In the C library in consideration (as well as in many other C libraries), every object is represented as a pointer to a dynamically allocated C structure. The corresponding D object can be a struct holding the pointer (aka handle), but oftentimes a C function returns a so-called “shared handle”—a pointer to a C struct which we should not free because it is a part of a larger C object and shall be freed by the C library only when that larger C object goes away.

As such, I first define both (for example) URIWithoutFinalize and URI. Only URI has a destructor. For URIWithoutFinalize, a shared handle is not finalized. As D does not support inheritance for structs, I do it with template mixins instead. Below is a partial listing. See the above URI example on how to use them:

mixin template WithoutFinalize(alias Dummy,
                               alias _WithoutFinalize,
                               alias _WithFinalize,
                               alias copier = null)
{
    private Dummy* ptr;
    private this(Dummy* ptr) {
        this.ptr = ptr;
    }
    @property Dummy* handle() const {
        return cast(Dummy*)ptr;
    }
    static _WithoutFinalize fromHandle(const Dummy* ptr) {
        return _WithoutFinalize(cast(Dummy*)ptr);
    }
    static if(isCallable!copier) {
        _WithFinalize dup() {
            return _WithFinalize(copier(ptr));
        }
    }
    // ...
}


mixin template WithFinalize(alias Dummy,
                            alias _WithoutFinalize,
                            alias _WithFinalize,
                            alias destructor,
                            alias constructor = null)
{
    private Dummy* ptr;
    @disable this();
    @disable this(this);
    // Use fromHandle() instead
    private this(Dummy* ptr) {
        this.ptr = ptr;
    }
    ~this() {
        destructor(ptr);
    }
    /*private*/ @property _WithoutFinalize base() { // private does not work in v2.081.2
        return _WithoutFinalize(ptr);
    }
    alias base this;
    @property Dummy* handle() const {
        return cast(Dummy*)ptr;
    }
    static _WithFinalize fromHandle(const Dummy* ptr) {
        return _WithFinalize(cast(Dummy*)ptr);
    }
    // ...
}

I’ve used template alias parameters here, which allow a template to be parameterized with more than just types. The Dummy argument is the type of the handle instance (usually an opaque struct). The destructor and copier arguments are self-explanatory. For the usage of the constructor argument, see the real source (here it is omitted).

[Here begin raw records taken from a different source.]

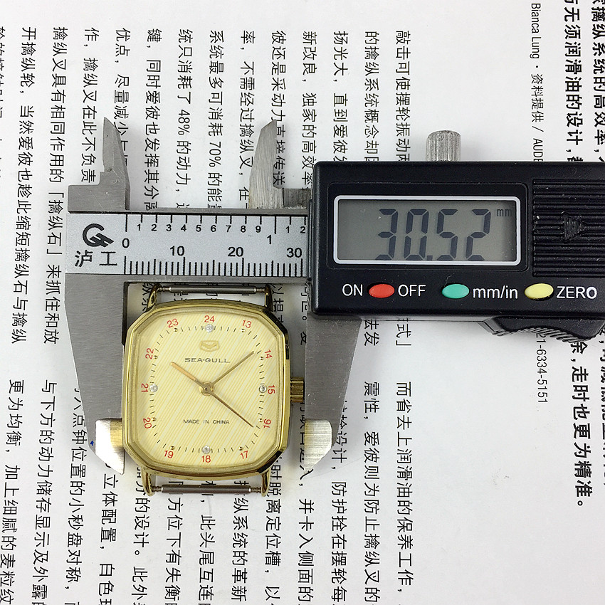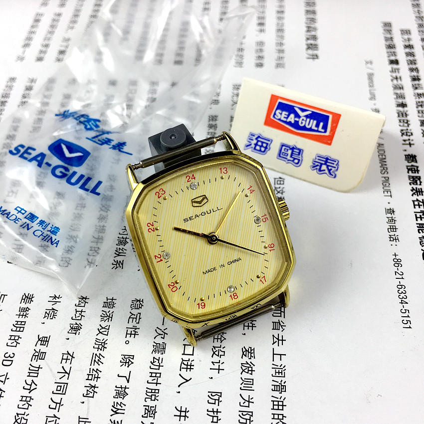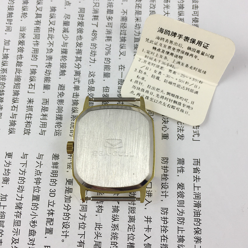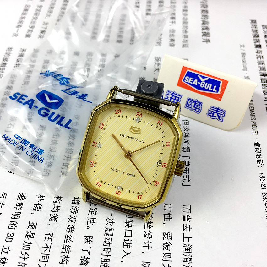 Original inventory Tianjin Watch Factory Seagull brand square yellow shell beige surface manual mechanical watch diameter 28 mm
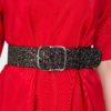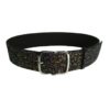 Curea din piele sintetica-glitter negru-auriu cu catarama metalica argintie lata de 6 cm. Marimea S are lungimea totala 95 cm si talia de 75 cm (reprezinta lungimea masurata din bara cataramei pana la gaura din mijloc a curelei). Marimea M are lungimea totala 105 cm si talia de 85 cm (reprezinta lungimea masurata din bara cataramei pana la gaura din mijloc a curelei).
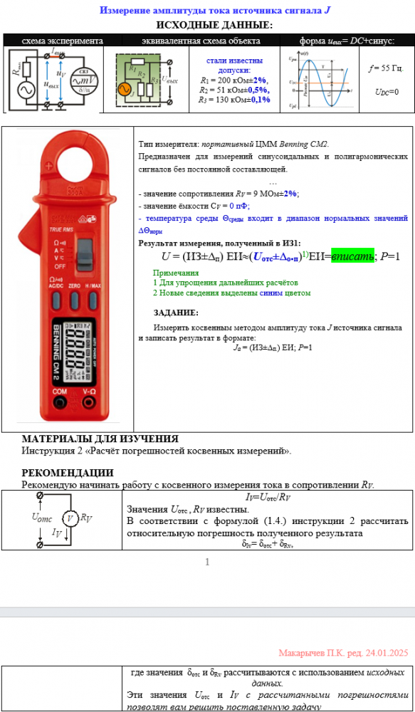 Измерение амплитуды тока источника сигнала J ИСХОДНЫЕ ДАННЫЕ: схема экспериментаэквивалентная схема объектаформа uвых= DC+синус: стали известны допуски: R1 = 200 кОм±2%, R2 = 51 кОм±0,5%, R3 = 130 кОм±0,1% f = 55 Гц. UDC=0 Тип измерителя: портативный ЦММ Benning CM2. Предназначен для измерений синусоидальных и полигармонических сигналов без постоянной составляющей. … - значение сопротивления RV = 9 МОм±2%; - значение ёмкости СV = 0 пФ; - температура среды Θсреды входит в диапазон нормальных значений ∆Θнорм Результат измерения, полученный в ИЗ1: U = (ИЗ±∆п) ЕИ(Uотс±∆о.п)1)ЕИ=вписать; Р=1 Примечания 1 Для упрощения дальнейших расчётов 2 Новые сведения выделены синим цветом ЗАДАНИЕ: Измерить косвенным методом амплитуду тока J источника сигнала и записать результат в формате: Jа = (ИЗ±∆п.) ЕИ; Р=1 МАТЕРИАЛЫ ДЛЯ ИЗУЧЕНИЯ Инструкция 2 «Расчёт погрешностей косвенных измерений».

The _WithoutFinalize and _WithFinalize template arguments should specify the structs we define, allowing them to reference each other. Note that the alias this construct makes _WithoutFinalize essentially a base of _WithFinalize, allowing us to use all methods and properties of _WithoutFinalize in _WithFinalize.

Also note that instances of the _WithoutFinalize type may become invalid, i.e. it may contain dangling access values. It seems that there is no easy way to deal with this problem because of the way the C library works. We may not know when an object is destroyed by the C library. Or we may know but be unable to appropriately “explain” it to the D compiler. Just be careful when using this library not to use objects which are already destroyed.

Dealing with callbacks

To deal with C callbacks (particularly when accepting a void* argument for additional data) in an object-oriented way, we need a way to convert between C void pointers and D class objects (we pass D objects as C “user data” pointers). D structs are enough (and are very efficient) to represent C objects like librdf library objects, but for conveniently working with callbacks, classes are more useful because they provide good callback machinery in the form of virtual functions.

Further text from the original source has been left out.